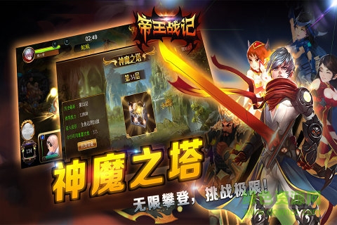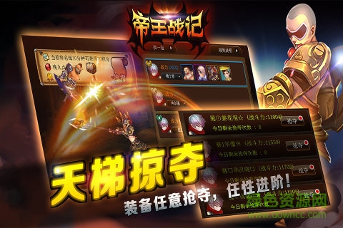 《帝王战记》:故事背景采用倒叙的手法,让玩家在历史的长河中游历,不单单可以进行激烈的游戏,更能再次经历历史上的经典时刻,和古代帝王一起开疆拓土,建功立业。游戏传统系统包括了:帝王召唤、装备抽取及铸造、丰富的任务系统、PVP和PVE战斗系统、经典的离线系统。
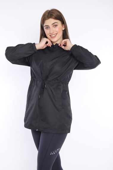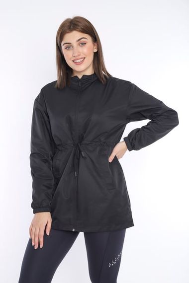 ESCETİC Escetic Women's Black Mesh Lined Pocket Hooded Sports Windbreaker Raincoat Thin Jacket 6723
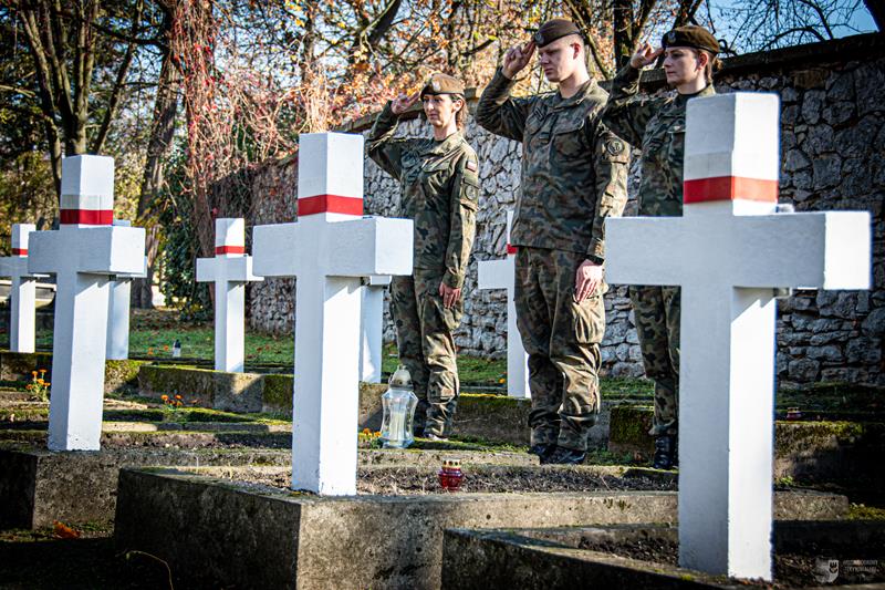 Żołnierze 10 Świętokrzyskiej Brygady Obrony Terytorialnej zapalili znicze pamięci oraz porządkowali groby bohaterów walk o niepodległość. Utrzymywanie tradycji dbania o porządek na grobach zmarłych żołnierzy oraz pomnikach pamięci ma miejsce nie tylko z racji zbliżającego się święta zmarłych, ale również kolejnej rocznicy święta Niepodległości.
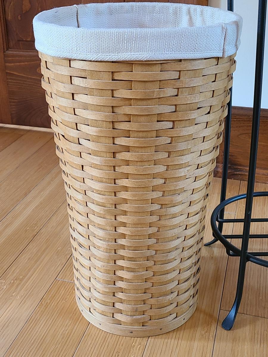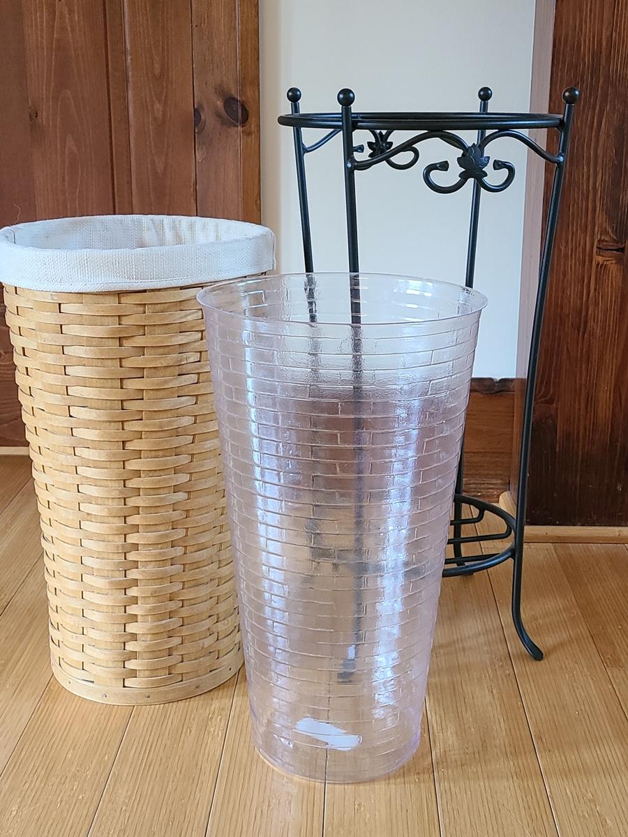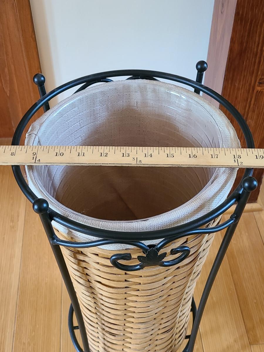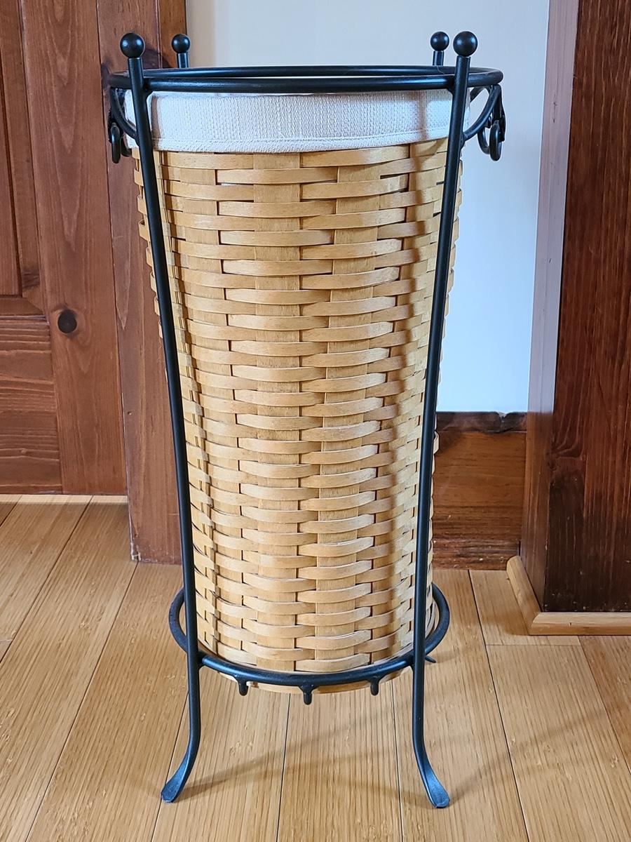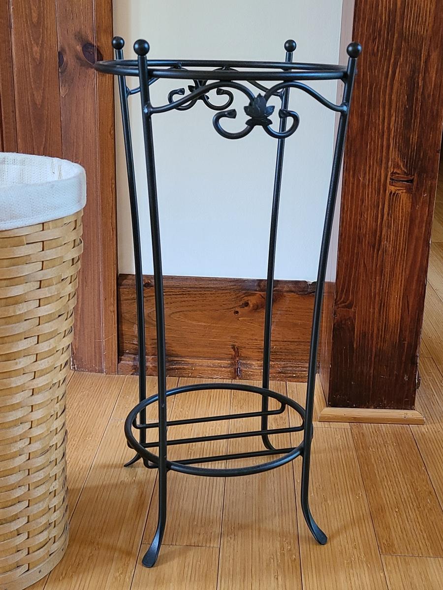 Lot 26: Longaberger Wrought Iron Umbrella Stand with Liner, Stand, Basket, and Protector
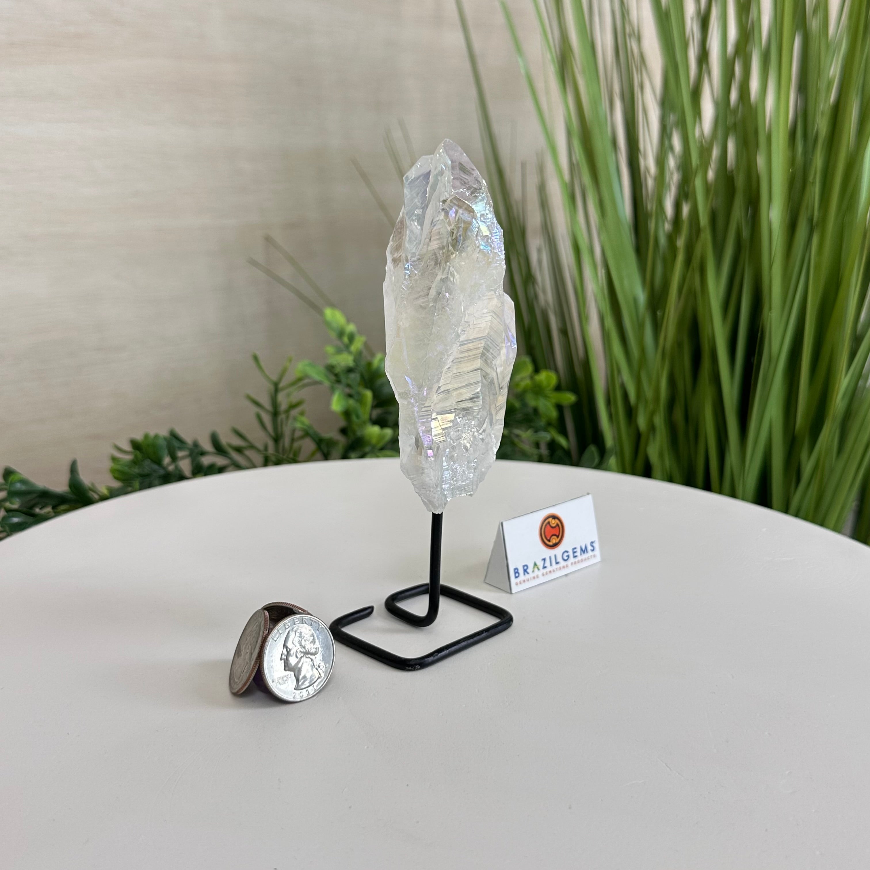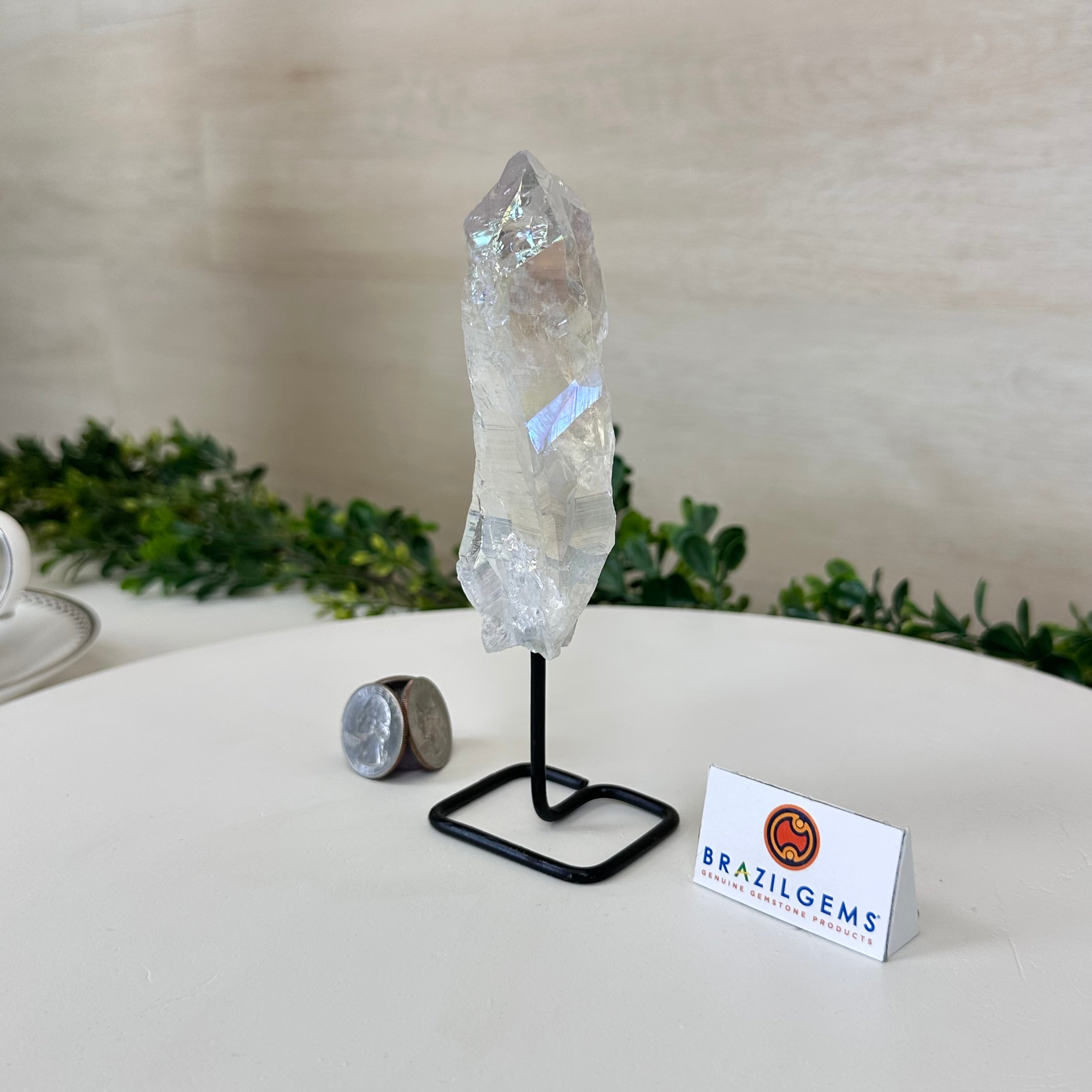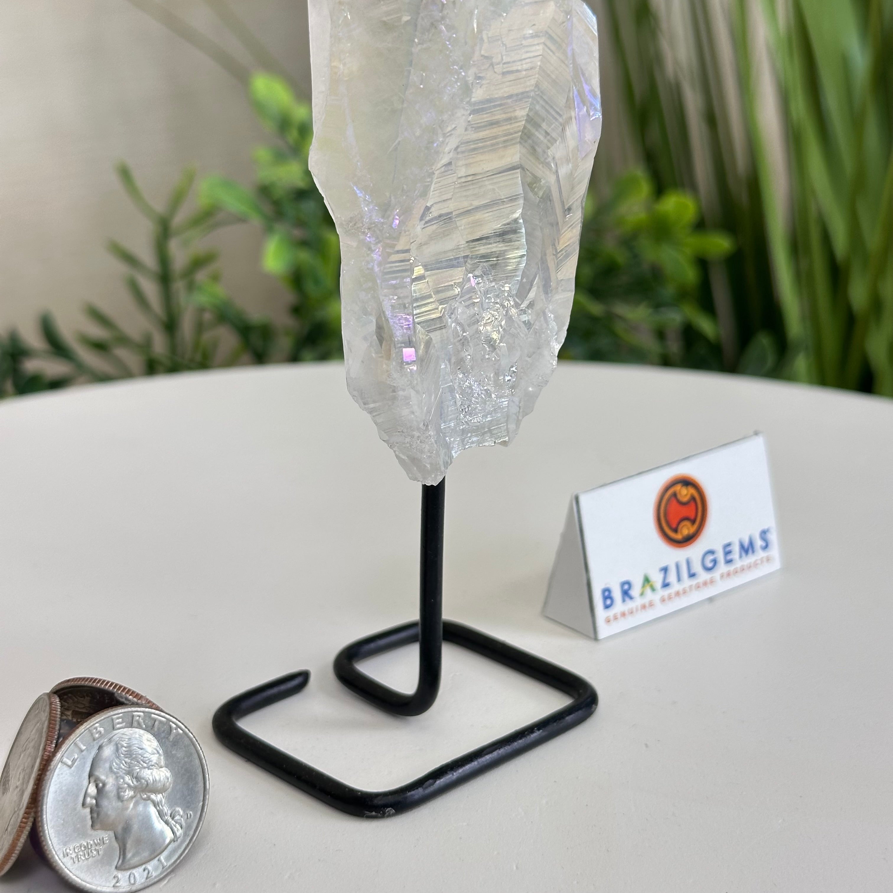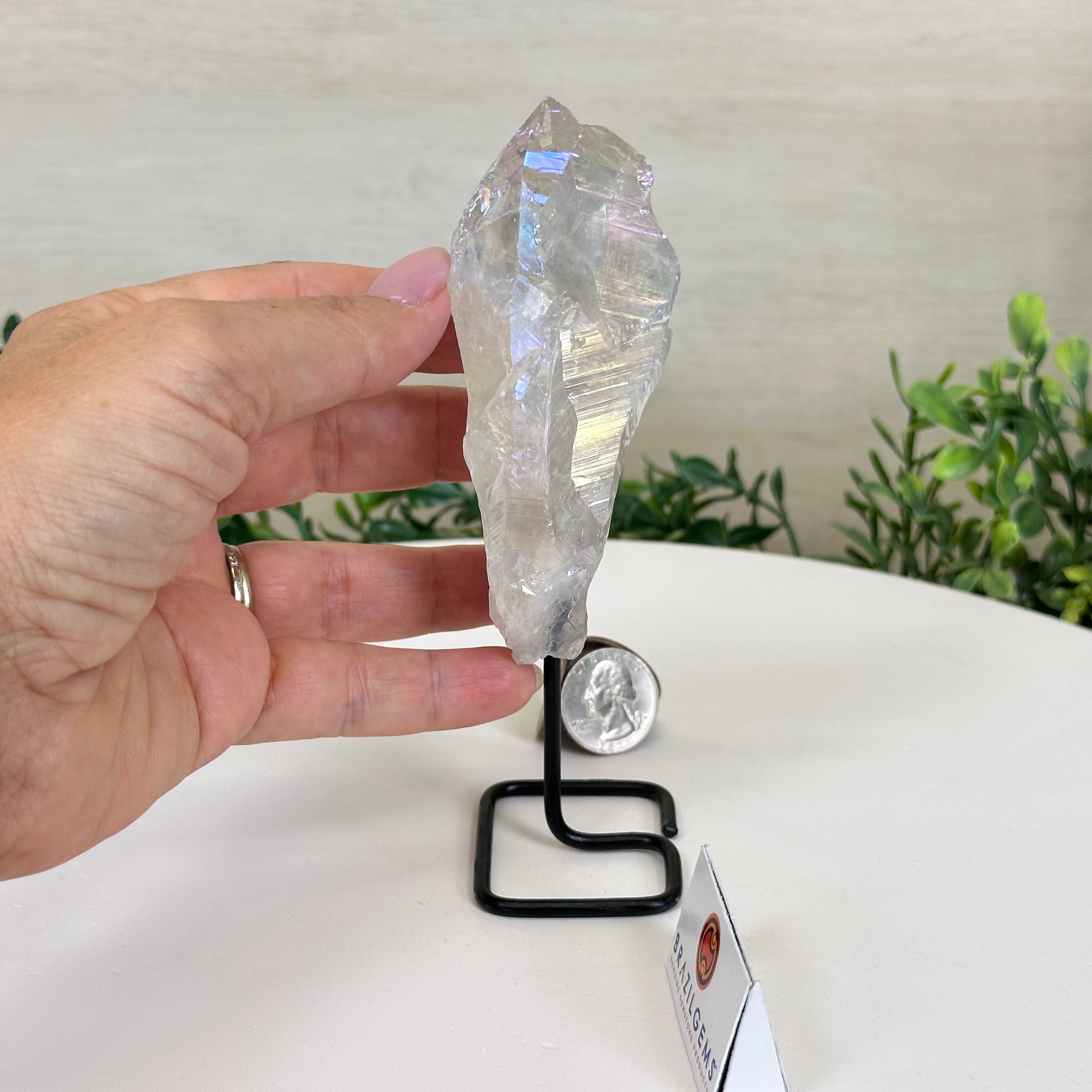 Enhance your home or sacred space with the multi-faceted beauty of this Angel Aura Quartz Point on a metal stand. This iridescent crystal has rough edges and a bright and captivating glow.
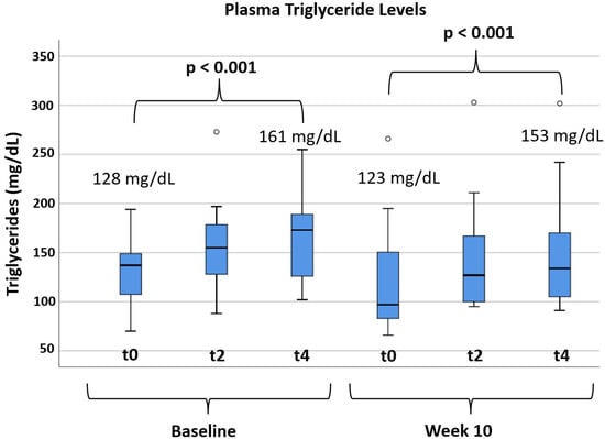 The statistical design of this pilot trial was explorative and descriptive. The baseline characteristics are specified as numbers (percentages) in cases of categorical variables and as means (standard deviations) in cases of continuous variables. The area under the curve (AUC) analysis concerning the fat-tolerance testing was calculated by the trapezoid approximation (AUC(T0−4) = AUC(T0−2) + AUC(T2−4); AUC(T0−2) = (Value(T0) + Value(T2))/2 × (Time(T2)-Time(T0)), AUC(T2−4) = (Value(T2) + Value(T4))/2 × (Time(T4)-Time(T2)). Changes between baseline and week 10 were tested with the paired-samples t-test and/or related samples Wilcoxon signed rank test when Shapiro–Wilk analysis suggested non-parametric distribution. p-values ≤ 0.05 were considered significant. The SPSS 26.0 statistical program was used (SPSS Inc., Chicago, IL, USA).
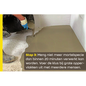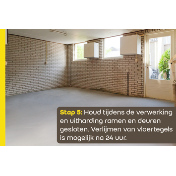 - Na 4 uur beloopbaar, na 24 uur betegelbaar
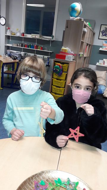 Avec les enfants, nous avons fait un bricolage de Noël. Ce bricolage était à l’initiative des enfants du périscolaire. Nous avons fabriqué des petites étoiles avec des bâtonnets de glace que les enfants ont peints avec des pinceaux. Ensuite ils les ont décorés avec des paillettes. Ce bricolage était facile et rapide, il n’a duré que 30 minutes. Le tout dans le respect du protocole sanitaire !
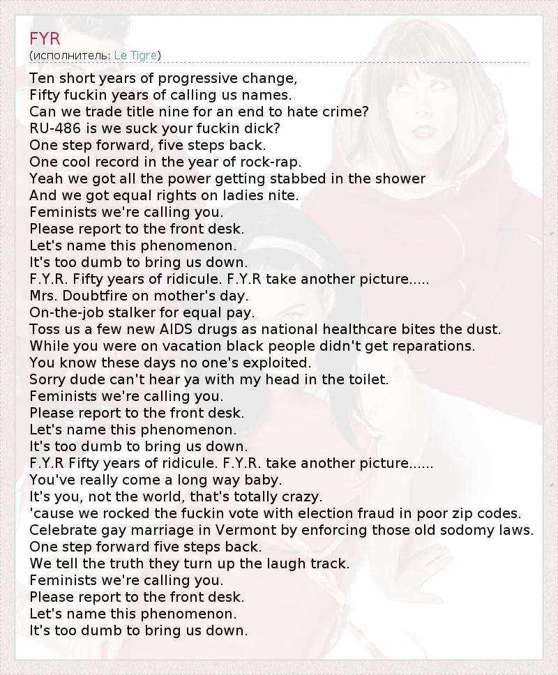 Это интересно:В ответ на часто задаваемые вопросы о Riot Grrrl: «Что это было? Что с ним случилось? Далеко ли они с ним продвинулись?» - Kathleen Hanna, Johanna Fateman and J. D. Samson из Le Tigre, скорее всего, пожмут плечами, пытаясь вспомнить и начать с того места, где остановились в своих продолжительных дискуссиях о еще незаконченном концептуальном арт-проекте Riot Grrrl: the remixes. Идея сделать из Riot Grrrl и Queercore популярную танцевальную... продолжение

ASSIGNMENT:
Repeat the data in full and exactly. Omit pictures.

YOUR SOLUTION:
 《帝王战记》:故事背景采用倒叙的手法,让玩家在历史的长河中游历,不单单可以进行激烈的游戏,更能再次经历历史上的经典时刻,和古代帝王一起开疆拓土,建功立业。游戏传统系统包括了:帝王召唤、装备抽取及铸造、丰富的任务系统、PVP和PVE战斗系统、经典的离线系统。
 ESCETİC Escetic Women's Black Mesh Lined Pocket Hooded Sports Windbreaker Raincoat Thin Jacket 6723
 Żołnierze 10 Świętokrzyskiej Brygady Obrony Terytorialnej zapalili znicze pamięci oraz porządkowali groby bohaterów walk o niepodległość. Utrzymywanie tradycji dbania o porządek na grobach zmarłych żołnierzy oraz pomnikach pamięci ma miejsce nie tylko z racji zbliżającego się święta zmarłych, ale również kolejnej rocznicy święta Niepodległości.
 Lot 26: Longaberger Wrought Iron Umbrella Stand with Liner, Stand, Basket, and Protector
 Enhance your home or sacred space with the multi-faceted beauty of this Angel Aura Quartz Point on a metal stand. This iridescent crystal has rough edges and a bright and captivating glow.
 The statistical design of this pilot trial was explorative and descriptive. The baseline characteristics are specified as numbers (percentages) in cases of categorical variables and as means (standard deviations) in cases of continuous variables. The area under the curve (AUC) analysis concerning the fat-tolerance testing was calculated by the trapezoid approximation (AUC(T0−4) = AUC(T0−2) + AUC(T2−4); AUC(T0−2) = (Value(T0) + Value(T2))/2 × (Time(T2)-Time(T0)), AUC(T2−4) = (Value(T2) + Value(T4))/2 × (Time(T4)-Time(T2)). Changes between baseline and week 10 were tested with the paired-samples t-test and/or related samples Wilcoxon signed rank test when Shapiro–Wilk analysis suggested non-parametric distribution. p-values ≤ 0.05 were considered significant. The SPSS 26.0 statistical program was used (SPSS Inc., Chicago, IL, USA).
 - Na 4 uur beloopbaar, na 24 uur betegelbaar
 Avec les enfants, nous avons fait un bricolage de Noël. Ce bricolage était à l’initiative des enfants du périscolaire. Nous avons fabriqué des petites étoiles avec des bâtonnets de glace que les enfants ont peints avec des pinceaux. Ensuite ils les ont décorés avec des paillettes. Ce bricolage était facile et rapide, il n’a duré que 30 minutes. Le tout dans le respect du protocole sanitaire !
 Это интересно:В ответ на часто задаваемые вопросы о Riot Grrrl: «Что это было? Что с ним случилось? Далеко ли они с ним продвинулись?» - Kathleen Hanna, Johanna Fateman and J. D. Samson из Le Tigre, скорее всего, пожмут плечами, пытаясь вспомнить и начать с того места, где остановились в своих продолжительных дискуссиях о еще незаконченном концептуальном арт-проекте Riot Grrrl: the remixes. Идея сделать из Riot Grrrl и Queercore популярную танцевальную... продолжение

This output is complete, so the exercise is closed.